» EXERCISE DATA
========

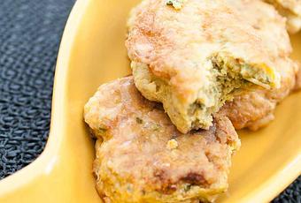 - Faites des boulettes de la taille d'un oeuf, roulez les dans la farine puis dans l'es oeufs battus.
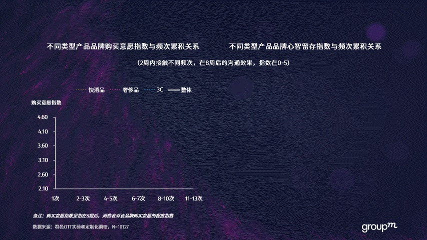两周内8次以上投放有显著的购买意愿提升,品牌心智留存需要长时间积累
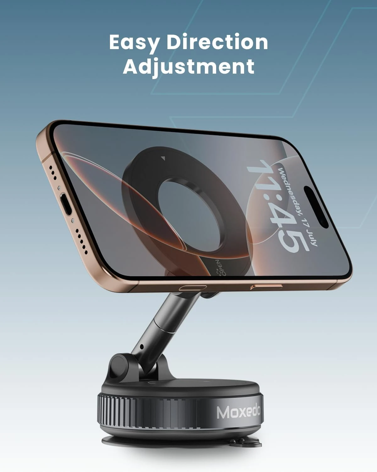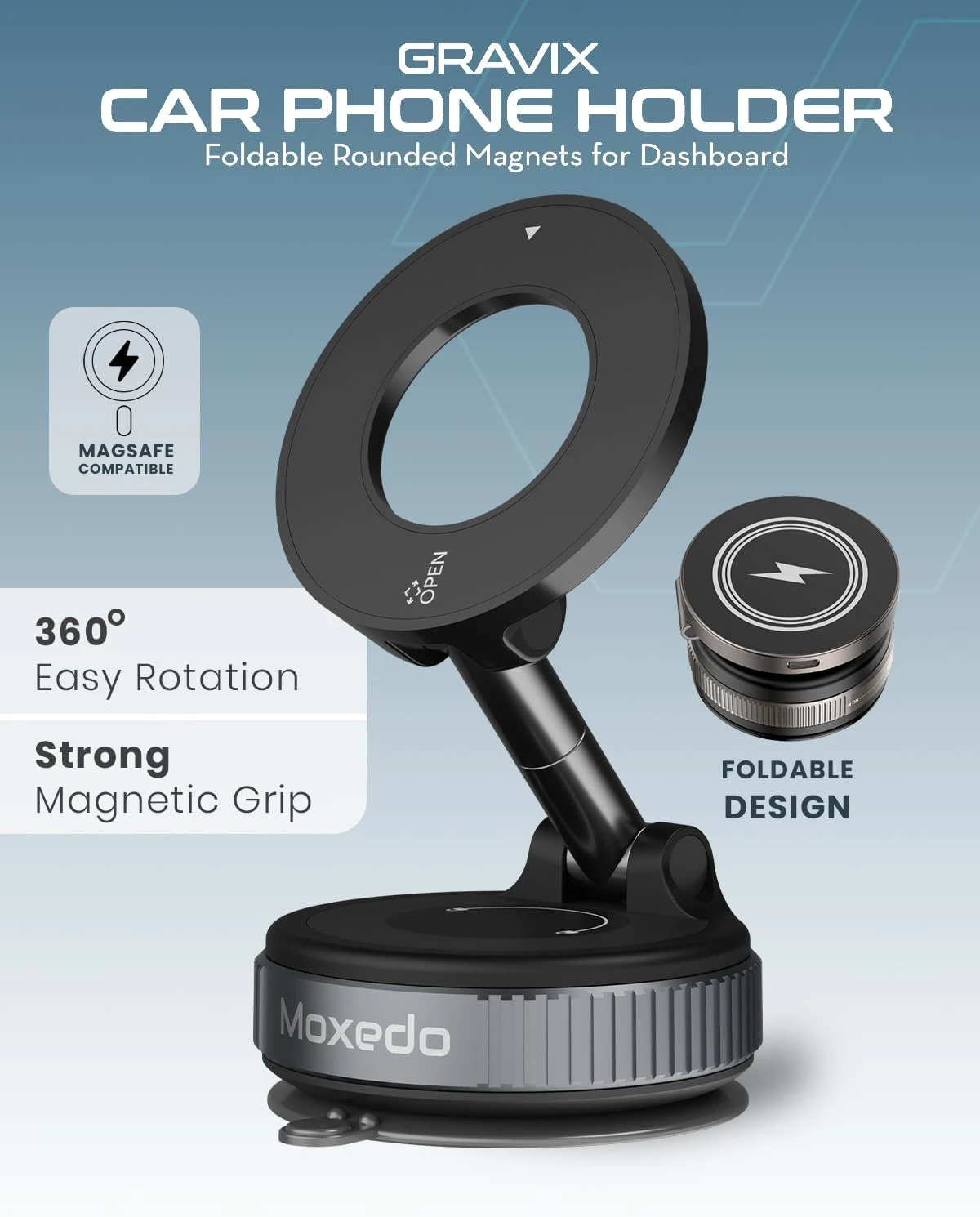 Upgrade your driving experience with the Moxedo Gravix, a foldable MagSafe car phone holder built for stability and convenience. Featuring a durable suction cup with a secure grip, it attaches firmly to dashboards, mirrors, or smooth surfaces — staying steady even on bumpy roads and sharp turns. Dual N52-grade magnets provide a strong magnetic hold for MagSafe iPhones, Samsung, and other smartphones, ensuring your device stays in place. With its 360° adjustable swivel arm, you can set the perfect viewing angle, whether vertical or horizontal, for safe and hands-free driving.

========

» TASK BRIEF
Omit every picture while printing the data word for word.

» EXERCISE RESPONSE
 - Faites des boulettes de la taille d'un oeuf, roulez les dans la farine puis dans l'es oeufs battus.
两周内8次以上投放有显著的购买意愿提升,品牌心智留存需要长时间积累
 Upgrade your driving experience with the Moxedo Gravix, a foldable MagSafe car phone holder built for stability and convenience. Featuring a durable suction cup with a secure grip, it attaches firmly to dashboards, mirrors, or smooth surfaces — staying steady even on bumpy roads and sharp turns. Dual N52-grade magnets provide a strong magnetic hold for MagSafe iPhones, Samsung, and other smartphones, ensuring your device stays in place. With its 360° adjustable swivel arm, you can set the perfect viewing angle, whether vertical or horizontal, for safe and hands-free driving.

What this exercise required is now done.